Volume Gallery is a commercial art gallery focused on design and contemporary art. It is located in West Town, Chicago. Volume Gallery represents artists and designers working in diverse disciplines such as ceramics, fiber, glass, and object design. The gallery presents seven curated thematic and solo exhibitions a year with an emphasis on emerging and mid-career artists.

Volume Gallery has participated in fairs such as FOG Design+Art Fair in San Francisco, Felix LA, EXPO Chicago, NADA in New York, Collective in New York, and Design Miami.

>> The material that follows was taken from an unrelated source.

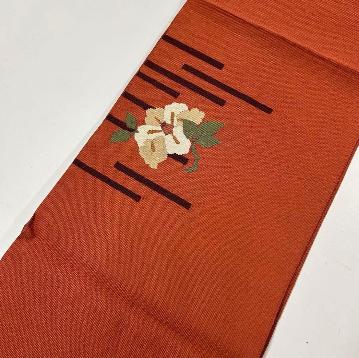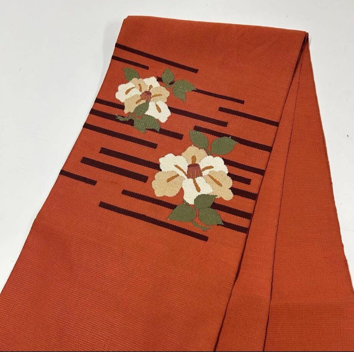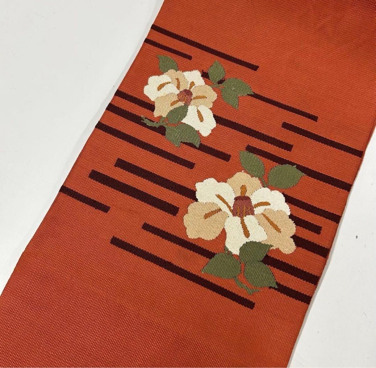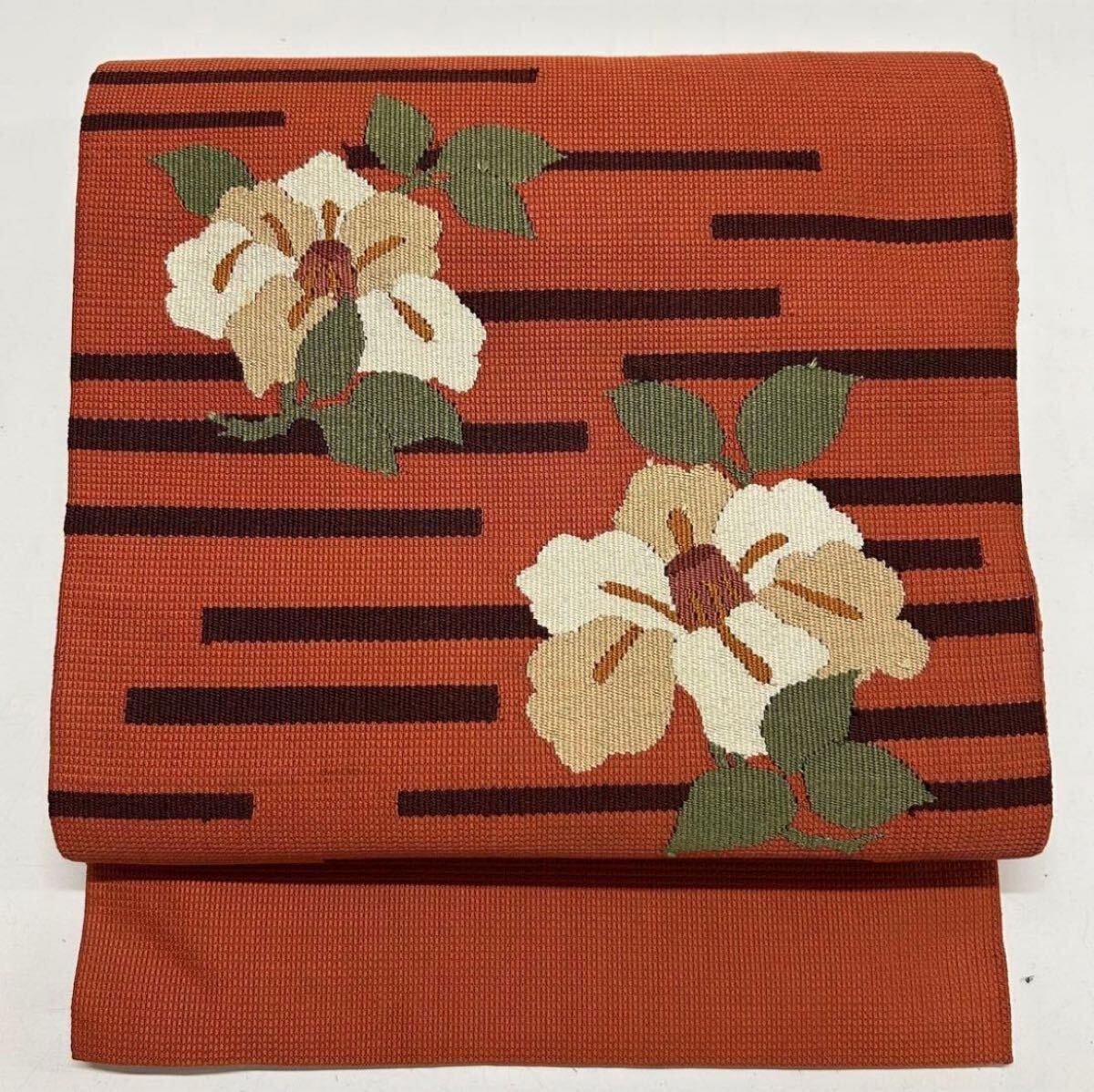 【楓】名古屋帯 正絹 椿にライン シックなデザイン KU-406

Volume Gallery has shown architect-designed objects from architects Norman Kelley, Krueck + Sexton, Pezo Von Ellrichshausen, Ania Jaworska and Stanley Tigerman. The gallery program emphasizes fiber and textile, ceramic, and glass works.

== History ==
It was founded by Claire Warner and Sam Vinz in 2010. They had met while working at Wright auction house.

In 2017 Warner and Vinz were named among the five most important new dealers on the forefront of design in The New York Times Style Magazine. They were featured in Newcity's list of influentials who lead Chicago’s design scene on Design 50: Who Shapes Chicago 2017.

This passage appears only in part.